Egipto, después de la efervescencia
lunes 21 de febrero de 2011, 15:29h
En un editorial pasado sobre la reciente situación egipcia, citábamos al jurista alemán Carl Shmitt cuando definía el Estado moderno como uno “en el cual la sociedad ya no está integrada en el interior de un Estado existente (como la burguesía alemana del siglo XIX), sino uno en que la sociedad debe autointegrarse para constituirse en Estado”. Decíamos que subestimar esa capacidad de autointegración fue lo que puso en aprietos a Mubarak, y expresábamos el deseo de que el pueblo egipcio pudiera “constituirse”, eufónicamente, en nuevo y mejorado ensamblaje estatal.
La violación de Lara Logan, corresponsal de CBS, por parte de un grupo de manifestantes que celebraba la caída del régimen, y que viene a sumarse a otros ataques y escenas de violencia, nos arroja en la cara una realidad que quizás habíamos olvidado un poco, en vista de la simpatía que, en términos generales, nos suscitó el movimiento popular egipcio. Haber caído en la ya conocida idealización del “pueblo” como fuerza moral homogénea, plausible, que se levanta contra la injusticia nos hizo olvidar, momentáneamente, la naturaleza escabrosamente violenta y acéfala de la masa como fenómeno. El doloroso hecho está allí, apenas como una sugerencia, para recordarnos, precisamente, que la transformación de una cultura y la regularización cada vez más justa y racional de las tensiones -siempre libidinales, dirían los freudianos- del poder, responden a procesos realmente complejos, cabildeos siempre contradictorios, que van más allá de la explosión reivindicativa popular.
En ese sentido, podemos citar las expresiones de los emigrantes tunecinos llegados a Lampedusa, quienes aseguran que tras la “Revolución de los jazmines” la represión policial sigue intacta. Claro, es bastante ingenuo esperar que las cosas cambien de un día para otro, pero no olvidemos que varias han sido, históricamente, las veces en que un pueblo colonizado, tiranizado, reprimido o utilizado tiene de repente en sus manos, tras el remezón telúrico de la “liberación”, las riendas de su propio destino y lo hecha, sin embargo, todo a perder.
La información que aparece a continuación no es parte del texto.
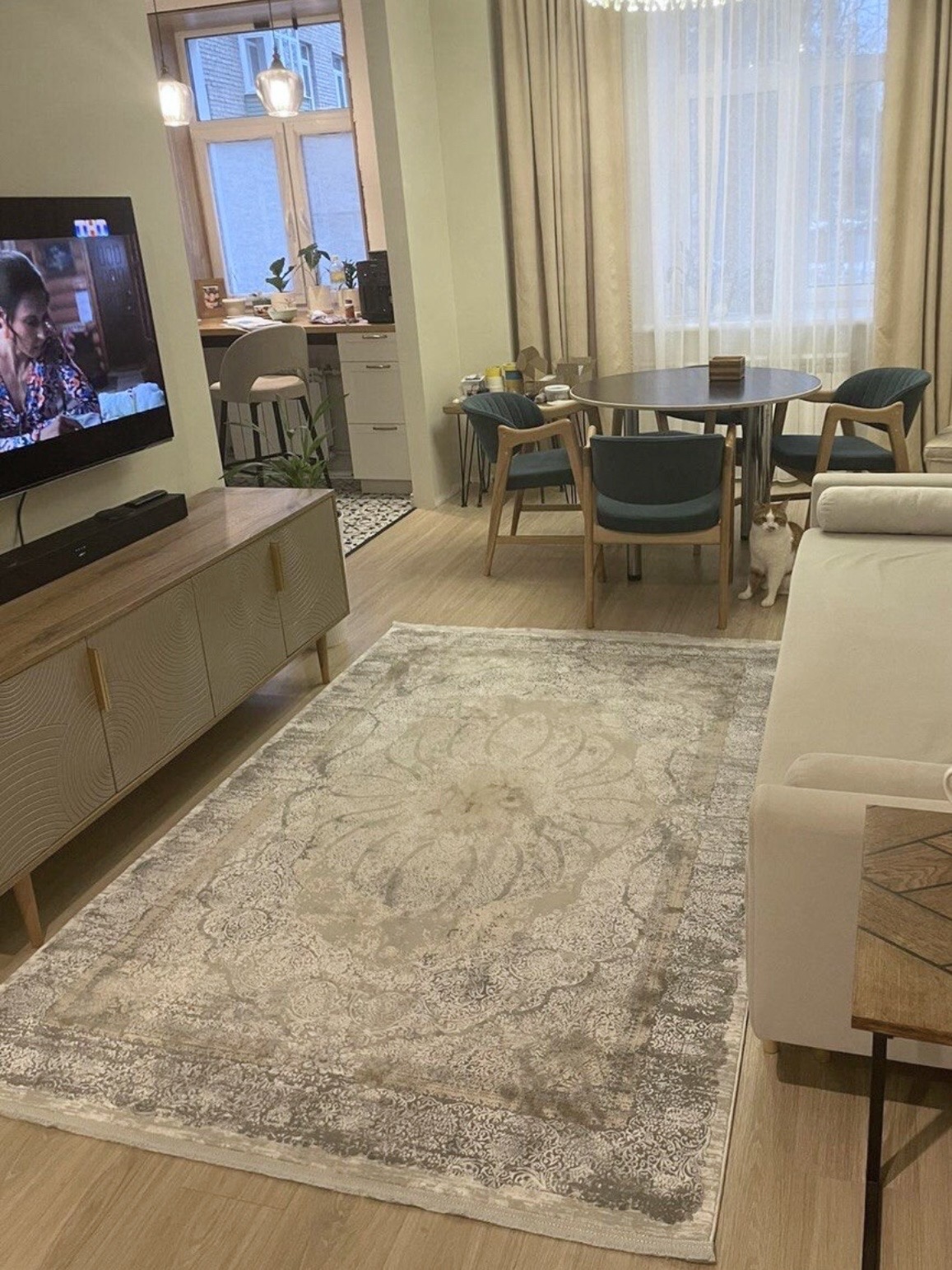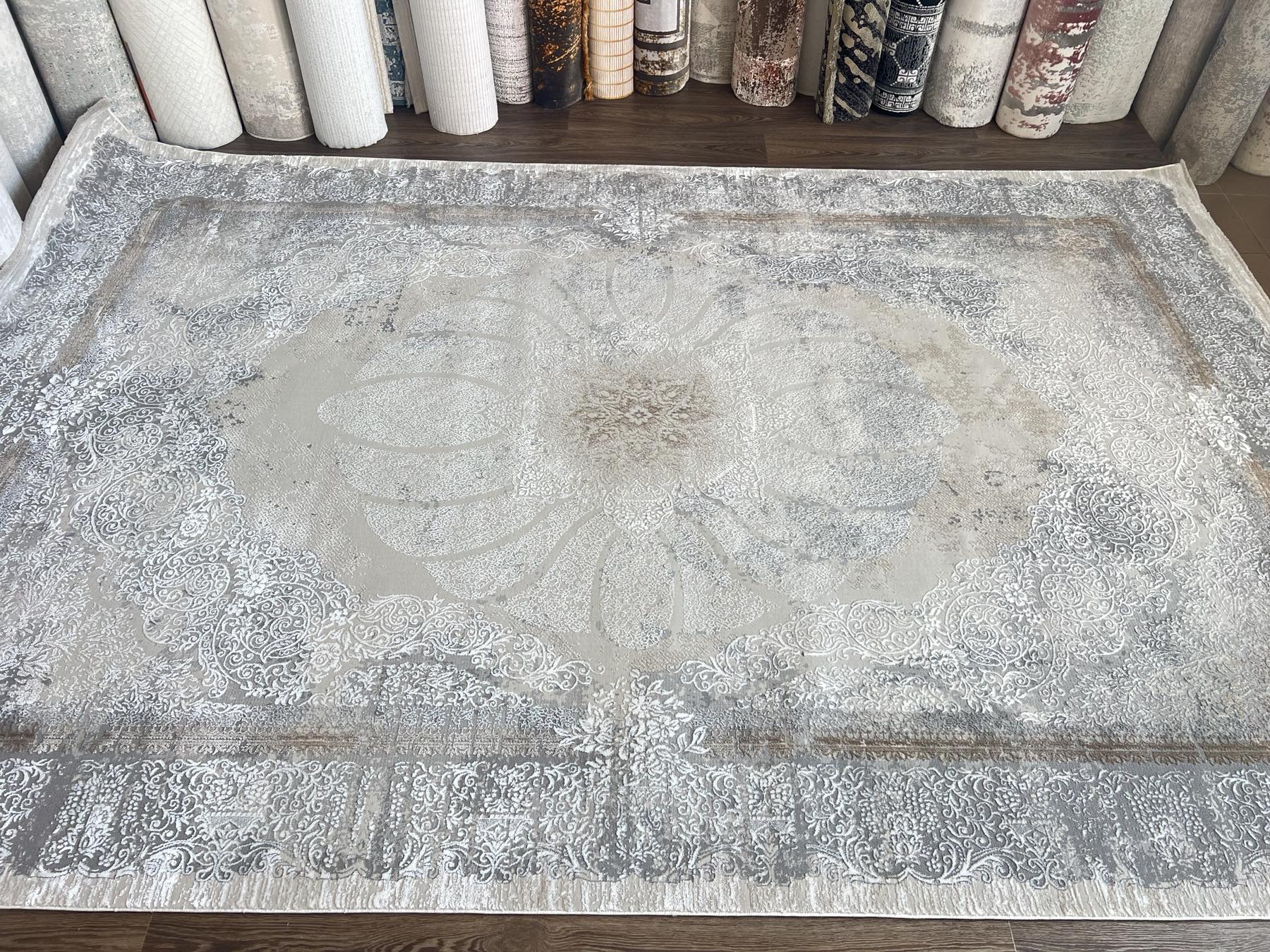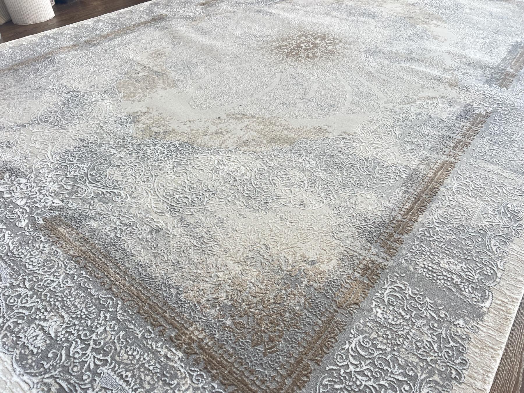 Цвета в ковре: серый, серебристый, светлый коричнево-бежевый

Hoy, como hemos expresado varias veces, Egipto se enfrenta a una encrucijada histórica, y la decisión que tome su gente en cuanto a cómo organizarse políticamente tendrá un impacto innegable en el siempre complicado panorama de Medio Oriente. Si la naturaleza heterogénea del levantamiento es reducida a una forma de administración política de perspectiva islamista -como en el Irán de 1979- se habrá perdido, entre otras cosas, una posibilidad de que todo el mundo árabe estreche diálogo con Israel, país con el que Egipto ha tenido relaciones respetuosas, pero que nunca titubea en radicalizarse frente a los árabes (solo fijémonos en el hecho de que tiene como canciller al ultraconservador y beligerante Avigdor Lieberman). Ese parece ser el riesgo, según varios analistas, de que medre hacia el poder egipcio la Hermandad Musulmana, un grupo más radical de lo que se advierte a simple vista...
Hay varios otros actores en juego que tampoco representan una garantía de un proceso amplio e inclusivo de “cambio” democrático, entre los que podemos mencionar al líder de las Fuerzas Armadas, Muhamed Husein Tantuai, un hombre anquilosado en una cultura política obsoleta en términos simbólicos, es decir, en relación con una posibilidad de lectura acertada de lo que está ocurriendo en la sociedad egipcia. Es de esa misma sociedad de donde debe brotar un liderazgo “de nueva esencia”, ya no para organizar la revuelta (donde fue fundamental el bloguero Wael Ghomin) sino la nueva concepción de Estado. Hace poco algunos periodistas alemanes recordaban cómo al caer el muro se generó un liderazgo venido no precisamente del “pretencioso escenario de la política” -para utilizar la expresión de Bolívar Echeverría- sino de, por ejemplo, la ciencia o, en general, la academia.
Esa puede ser la senda para los egipcios, pero hay que saber que, como pregonaban al mismo tiempo una canción de McCartney y una cumbia colombiana, el camino es largo y culebrero.